Non viral gene transfer method has low efficiency. For the vast majority of gene therapies in human trials, virological methods are most used for gene transfer, and the retroviral vector and adenoviral vector are mature.

But the some antigens expression of adenovirus can cause the body's immune response, to prevent the repeated transduction. Some other viral vectors such as adeno-associated virus vector (AAV virus) and herpes simplex virus (HSV) vector are not satisfactory due to various reasons.

Recently, some researchers have focused on human immunodeficiency virus-1 (HIV-1) as the representative of the lentivirus.
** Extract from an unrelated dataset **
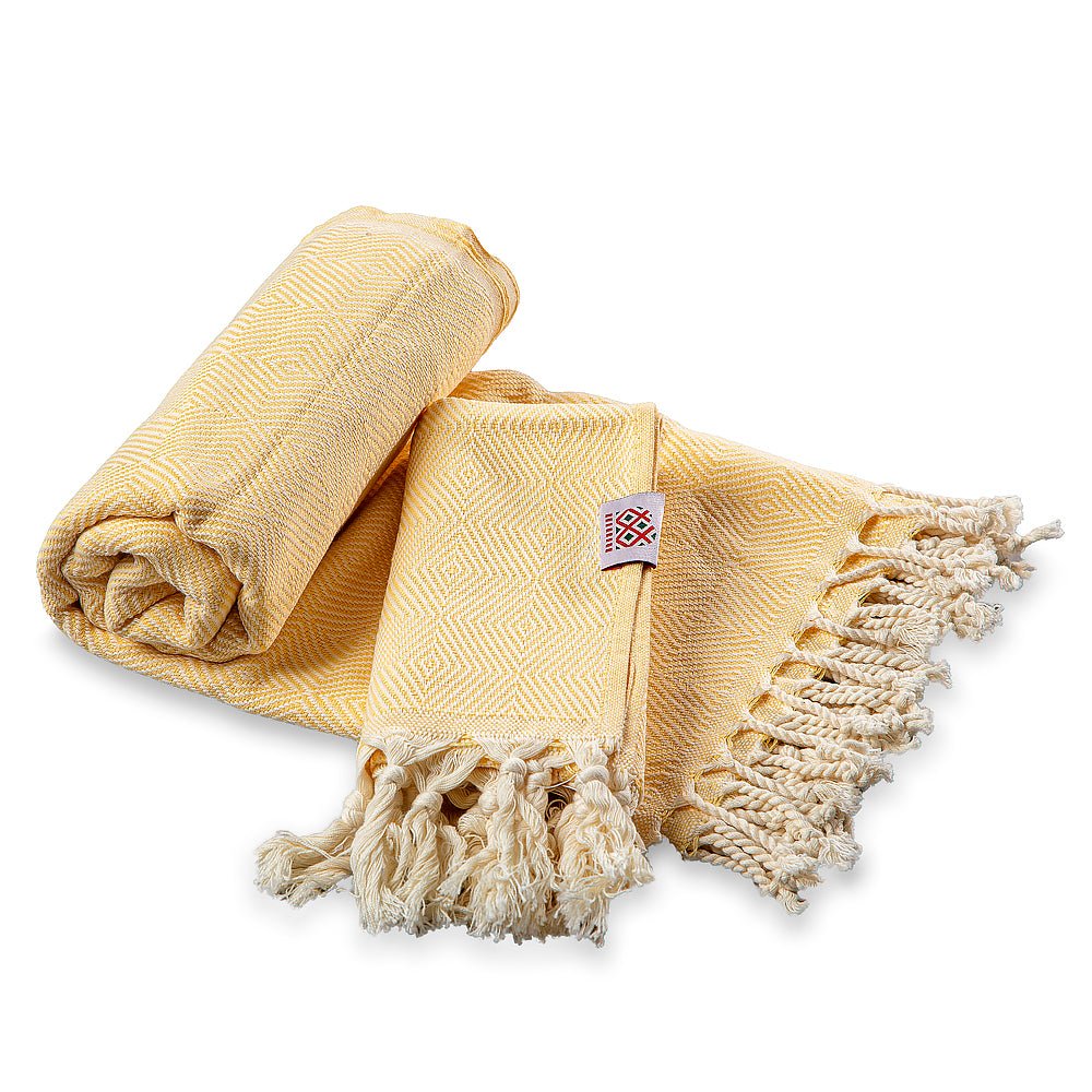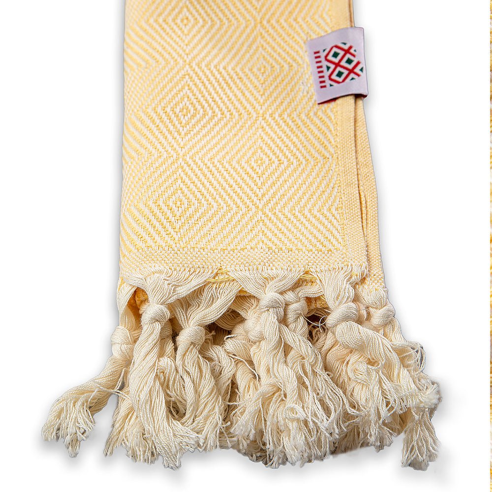 Σας παρουσιάζουμε το νέο μας σετ πετσετών με μοτίβο διαμαντιού σε κίτρινο χρώμα. Το σετ περιλαμβάνει μια βαμβακερή πετσέτα μπάνιου και μια πετσέτα . Στεγνώνουν γρήγορα και είναι ο τέλειος αντικαταστάτης των παραδοσιακών πετσετών. Είναι επίσης ιδανικές για ταξίδια, καθώς καταλαμβάνουν ελάχιστο χώρο στις αποσκευές σας. Είναι ιδανικές για την παραλία, τη σάουνα ή οπουδήποτε αλλού. Και αυτό που είναι πραγματικά συναρπαστικό, και τα δύο αυτά κομμάτια υφαίνονται στο χέρι στην Τουρκία σε μια περιοχή κοντά στο Denizli χρησιμοποιώντας τοπικό βαμβάκι, γεγονός που εγγυάται την ποιότητα και τη μοναδικότητά τους. Επιπλέον, προσφέρουμε 5 χρόνια εγγύηση με αυτά τα προϊόντα! Το προϊόν αποτελεί αναπόσπαστο μέρος του τουρκικού παραδοσιακού νοικοκυριού. Είναι γνωστό ως peshtemal, τουρκικά peştemal (διαβάστε peshtemal) και χρησιμοποιείται κατά την επίσκεψη σε τουρκικά χαμάμ και άλλα παρόμοια. Στις δικές μας γεωγραφικές συνθήκες, μπορεί να χρησιμοποιηθεί στη σάουνα, σε ένα σπα ή ως πετσέτα ταξιδιού.

And this article will carry your attention to introduce the such vector.

The basic structure of HIV-1 genome

The main structure gene and arrangement form of HIV-1 DNA virus are the same as other retroviruses: 5 'LTR-gag-pro-pol-env-3' LTR. Different from other retroviral viruses, the HIV-1 genome has a lot of regulatory genes.

The basic principle of constructing HIV-1 carrier system

By co-transfection with 3 plasmids of packaging components and carrier components, the cells can harvest HIV-1 carrier particles, which only be infected by one time, can not be copied and carry target gene in the supernatant of the cells.

Improvement of HIV-1 carrier system

At present, for the HIV-1 carrier system in the field of gene therapy, the focus of research focused on how to expand the scope of its tropism, to ensure its safety and to provide its titer/transfer ability.

Existing problems

Despite the great progress in the research of HIV-1, there is still a long way to go in the clinical application.

First, the titer of the cre lentivirus is not high enough.

Secondly, due to the biological nature of HIV complex, it is difficult to establish a stable HIV vector package like the current mouse retroviral vector.